Re: [scala-tools] Swarm

Ian Clarke

unread,

Sep 19, 2009, 3:19:00 PM9/19/09

to Eric Christeson, swarm-...@googlegroups.com

On Fri, Sep 18, 2009 at 2:13 PM, Eric Christeson <Eric.Ch...@ndsu.edu> wrote:
> This sounds like an interesting project topic. I could research and
> evaluate possible options, depending on how much you've done, and possibly
> move into prototype/implementation if time allows.
> I'm interested enough in the project that I'd like to continue contributing
> beyond the end of class.

Well, I've really just been thinking about it. Here is one idea I had:

Lets say that we have 2 computers, each with 4 "buckets" of data, we label these buckets as follows:

Server A:

A1

A2

A3

A4

Server B:

B1

B2

B3

B4

Clearly in a realistic scenario each computer may have millions of buckets, but for purposes of explanation I'll keep it simple.

Each bucket contains several pieces of data which may contain "transitions" to data in other buckets. A "transition" is where a thread reads one piece of data, and then reads another piece of data.
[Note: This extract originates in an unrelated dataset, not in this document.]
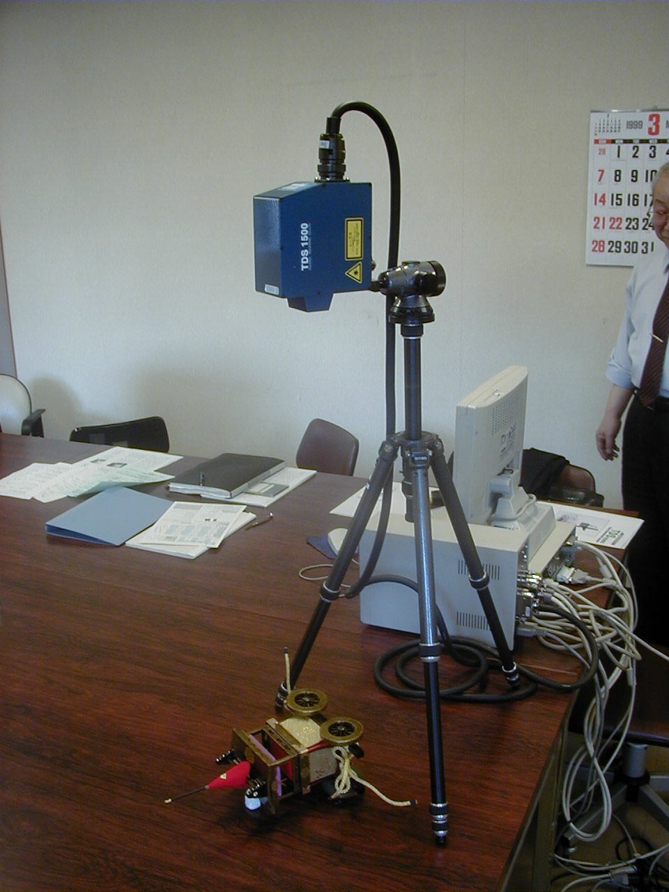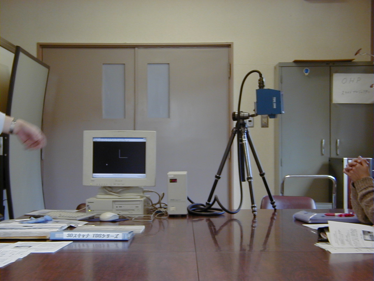 本節では、TDS(パルステック工業)を用いた形状入力実験を行った結果を示す。まずはじめに装置の全体像を示す。そして、各種の3次元モデルを計測した実験結果について述べる。

If a transition crosses between machines, this indicates a place where the continuation must be serialized and transferred across the network. We know how many transitions exist between every pair of buckets across both servers.

Our goal is to rearrange these buckets to minimize the number of transitions between the two machines. So how do we do this?
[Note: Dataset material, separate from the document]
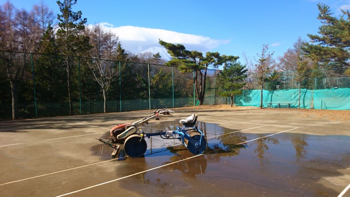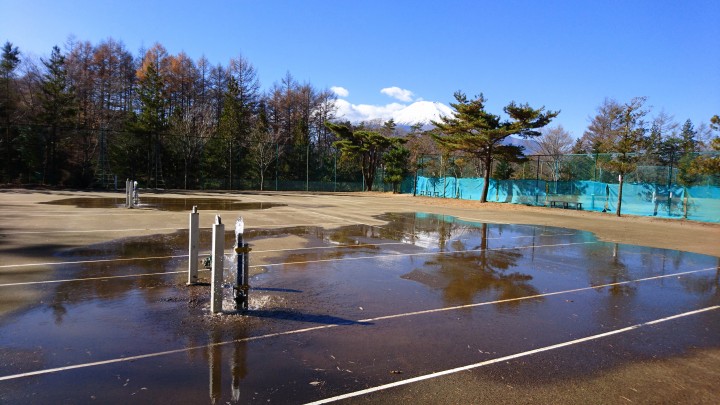 今日はテニスコートのスプリンクラーの水抜きを行いました。寒さが厳しい山中湖では水抜きを行わないと、凍結により配管が破裂してしまいますので、毎年この作業を行っています。プチ逆さ富士になりました。

My proposal is to break it down into a hierarchical problem. First, we group our buckets:

G1: A1, A2
G2: A3, A4
G3: B1, B2
G4: B3, B4

Now, we ask whether, by swapping A2 and A4, we can reduce the number of transitions between G1 and G2.

For example: Lets say the following transitions exist (note I've made all transitions bi-directional, so this matrix is mirrored down the diagonal):

G1 G2

A1 A2 A3 A4

G1 A1 -- 4 2 4

A2 4 -- 3 3

G2 A3 2 3 -- 2

A4 4 3 2 --

Currently the number of transitions between G1 and G2 is:

A1 -> A3 = 2 +

A1 -> A4 = 4 +

A2 -> A3 = 3 +

A2 -> A4 = 3

= 12

If we swapped A2 and A4 it would be:

A1 -> A2 = 4 +

A1 -> A3 = 2 +

A4 -> A3 = 2 +

A4 -> A2 = 3

= 11

So in this case we do swap and the result is that we reduce the number of transitions between G1 and G2 by 1.

We then do the same for G3 and G4 by seeing whether we can reduce the number of transitions between G3 and G4 by swapping B2 and B4. If so, we do it.

Now we do this again, but instead - we define two new groups, G5, and G6 - these actually correspond to the physical computers:

G5: G1, G2
G6: G3, G4

As before, we ask whether we can reduce the number of transitions between G5 and G6 by swapping G2 and G4. If so, we do it.

And if we had more than just 8 buckets, we'd repeat the operation - each time swapping on a larger and larger scale, until eventually we are swapping at the scale of servers, or perhaps even datacenters.

And that is my proposed algorithm. I haven't even tried to simulate it yet even though this should be relatively easy, so I don't know whether it will work, or how well - but at least it provides a baseline.

Properties we need in such an algorithm include:

It needs to be able to perform its primary function: to rearrange data to reduce the number of transitions between servers
It needs to be efficient, both in time and inter-computer communication
It must not "lock" large amounts of data while its operating, it needs to operate in a concurrent environment

I hope that makes sense,

Ian.

--
Ian Clarke
CEO, Uprizer Labs
Email: i...@uprizer.com
Ph: +1 512 422 3588
Fax: +1 512 276 6674

Ian Clarke

unread,

Sep 21, 2009, 2:10:02 PM9/21/09

to akka...@googlegroups.com, swarm-...@googlegroups.com

On Mon, Sep 21, 2009 at 2:15 AM, Jonas Bonér <jbo...@gmail.com> wrote:

I've been looking at Swarm for a couple of years now. I really like
your ambitious goals.

Thanks, although the Swarm concept has yet to reach its first birthday so perhaps you meant a couple of months?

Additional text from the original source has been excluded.